Tax debts can be discharged! – sometimes
A common misconception floating about is that income tax debts can never be discharged. This myth arises from the reality that income tax debts have a favored position in the bankruptcy code. Also, trying to figure out which tax debts are dischargeable can be mind boggling even for attorneys. Frankly the entire bankruptcy code can be mind boggling since most provisions relate back to other provisions that one must read before the original provisional can be understood. Plain english is a foreign concept to drafters of legislation. All that aside, to determine if your income tax debt is dischargeable, start at 11 U.S.C. Section 523(1). Section 523(1) immediately directs you to to two other provisions, the pertinent one here being 11 U.S.C. Section 507(a)(8). Section 507(a)(8) then circles you back into Section 523 making for a dizzying ride. You are welcome to go to these statutes and read them for yourself. If you understand them, you are either a bankruptcy attorney or you missed your calling.
Let me break it down for you with a plain english translation. In order for an income tax debt to be dischargeable, all these requirements must be satisfied:
1) The tax return filing must have been due more than three years before you file your bankruptcy petition. If an extension was filed, then that moved the due date for your filing out so extension periods do not count towards that three years.
2) Were either officially assessed more than 240 days prior to the bankruptcy petition or were not yet assessed but were assessable. I know, that last part does not seem to be in the statute but that is because of how this statute is worded. It is listing what tax debts are excluded from discharge as those assessed within 240 days of filing, so those not assessed and assessed (but assessable) outside of the 240 days are not excluded.

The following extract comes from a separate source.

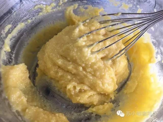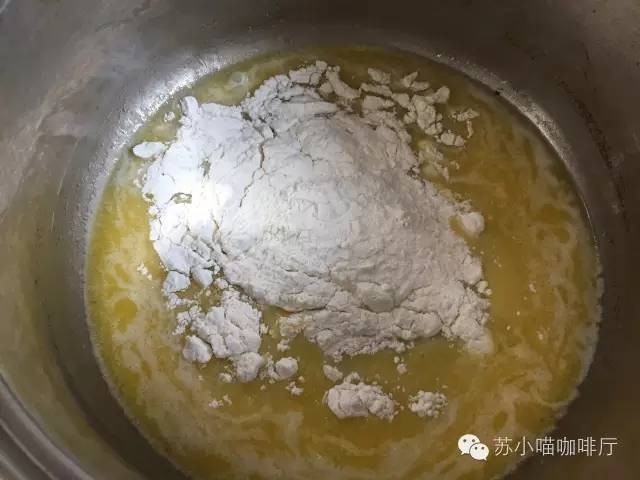 然後關火加入面粉,用打蛋器手動攪勻。一開始看起來確實是亂糟糟的一大團,但是只要繼續攪下去就會變成比較均勻的面糊哦。
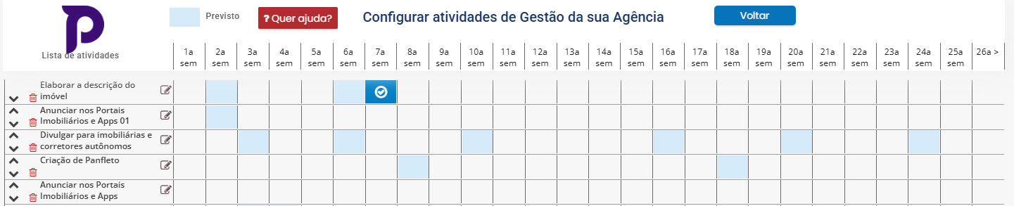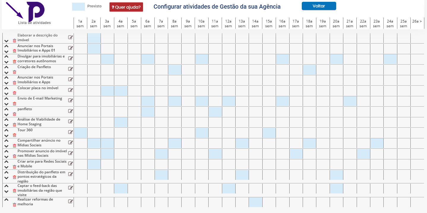 Nele, é possível marcar em qual semana é prevista ou esperada a realização de cada atividade.

Offers in compromise and stays in other proceedings toll this time period plus add on 30 or 90 days respectively.
3) A tax return had to have been filed.
4) If it was filed after the final due date, including extensions (filed late), it had to have been filed at least two years before the bankruptcy petition is filed.
5) There can be no fraud or attempts at evasion of the tax at any time.
In order to know calculate these items precisely, one must obtain a tax transcript from the IRS. This can be obtained by filing a Form 4506T from your friendly Internal Revenue Service agency.